Y mientras están discutiendo, Brooks pasa entre las columnas y vuelve al mundo de los vivos.
—Mira.
—Mierda —dice Toe. Hace que la luz parpadee, pero ya es demasiado tarde, el coche patrulla ya está al otro lado. Quiere que lo sigamos, que vayamos a su caza toda la noche, que vayamos a casa con él, pero es pronto y comparado con Tim, Brooks es fácil.
—Deja que se vaya —dice Danielle.
Y tiene razón. Tenemos todo el día. Con Brooks es solo cuestión de tiempo. Porque es como Tim. (Te adoramos, Tim). Él nos recuerda. ¿O es más bien que no puede olvidarnos? Sea lo que sea. No es tanto una percepción extrasensorial, sino más bien que Brooks resulta muy predecible, él lo entiende, puede entender por qué Melissa tuvo que irse. Como nosotros, está atrapado. Incluso mientras conduce alejándose, sabe que volverá.

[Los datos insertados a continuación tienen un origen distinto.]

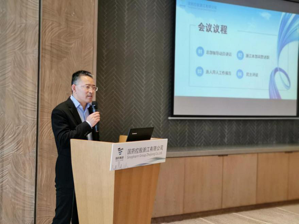 会议由国药控股人力资源部副部长陈咫宇主持,会议开始,首先由陈战宇副总裁进行了动员讲话。陈总对国控浙江2020年顺应浙江省医改政策变化,围绕高质量发展,聚焦市场份额提升,合并实现营业收入53.15亿,净利润4864万的成绩表示肯定,并对国控浙江在疫情期间的抗议表现给予了表扬。同时陈总指出:2021年希望国控浙江立足新发展阶段,贯彻新发展理念,构建新发展格局,不断增强核心竞争力,坚持高质量发展道路。

Hay un carrito de la compra vacío en medio del aparcamiento, justo bajo una farola. Kyle no sabe cómo se lo ha dejado. Todos los coches se han ido. Ya es casi la hora de volver a casa. En casa le espera un chocolate caliente. Espera que haya nubes. Se supone que su madre tenía que comprarlas, pero ¿y si se ha olvidado? (No se ha olvidado, las compró ayer, Sta-Pufs, sus favoritas, estuvo a punto de enseñarle a Kyle la nueva bolsa mientras la ponía aparte, porque es de lo único de lo que ha estado hablando todo el fin de semana. No se puede explicar. Imagina que te caes desde lo alto de un edificio de cinco pisos y que aterrizas sobre tu cara. Ahora imagina que no te mueres.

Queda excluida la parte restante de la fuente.